• _TRY IT_:
Among the entries below, only the lines from the one with "z hartowanego szkła" through the one with "Alcippe - Ensfarvet" are wanted, reproduced exactly. Pictures are not wanted.

• _LISTED RECORDS_:
* * * * * * * * *
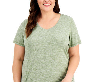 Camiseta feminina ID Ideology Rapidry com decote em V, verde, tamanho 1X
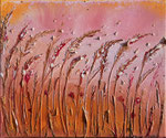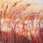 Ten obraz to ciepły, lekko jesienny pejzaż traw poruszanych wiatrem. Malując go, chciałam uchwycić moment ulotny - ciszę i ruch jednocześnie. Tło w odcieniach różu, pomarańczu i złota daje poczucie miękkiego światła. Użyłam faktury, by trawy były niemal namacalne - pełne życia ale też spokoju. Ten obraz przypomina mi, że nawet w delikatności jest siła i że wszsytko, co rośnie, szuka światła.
* * * * * * * * *
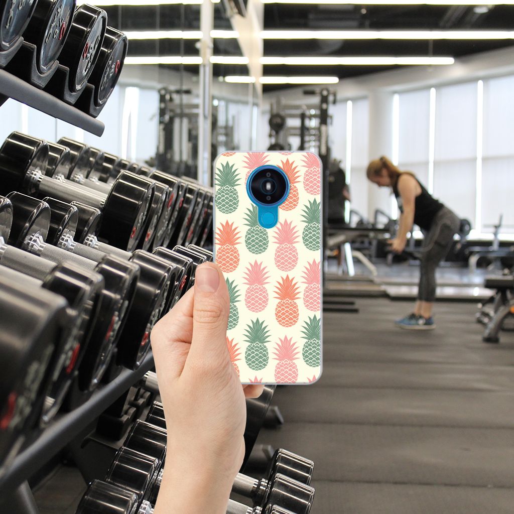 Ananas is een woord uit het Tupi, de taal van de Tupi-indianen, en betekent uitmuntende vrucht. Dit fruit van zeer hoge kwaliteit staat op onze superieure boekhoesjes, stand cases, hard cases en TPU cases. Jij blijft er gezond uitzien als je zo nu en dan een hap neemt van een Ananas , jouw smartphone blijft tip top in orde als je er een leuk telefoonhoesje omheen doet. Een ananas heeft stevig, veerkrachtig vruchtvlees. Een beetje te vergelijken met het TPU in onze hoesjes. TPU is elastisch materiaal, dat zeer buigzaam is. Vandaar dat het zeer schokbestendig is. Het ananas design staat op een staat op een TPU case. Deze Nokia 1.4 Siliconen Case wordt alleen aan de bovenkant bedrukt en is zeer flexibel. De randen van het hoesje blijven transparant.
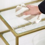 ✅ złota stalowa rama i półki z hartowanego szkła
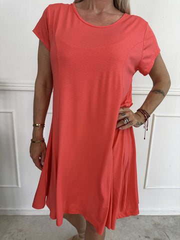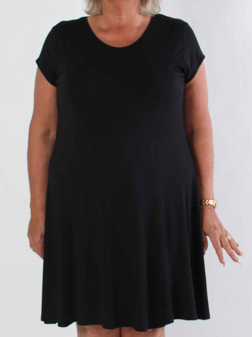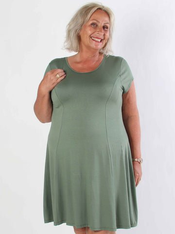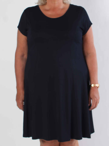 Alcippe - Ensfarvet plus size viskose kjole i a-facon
* * * * * * * * *
• _SOLUTION TO THIS TASK_:
 ✅ złota stalowa rama i półki z hartowanego szkła
 Alcippe - Ensfarvet plus size viskose kjole i a-facon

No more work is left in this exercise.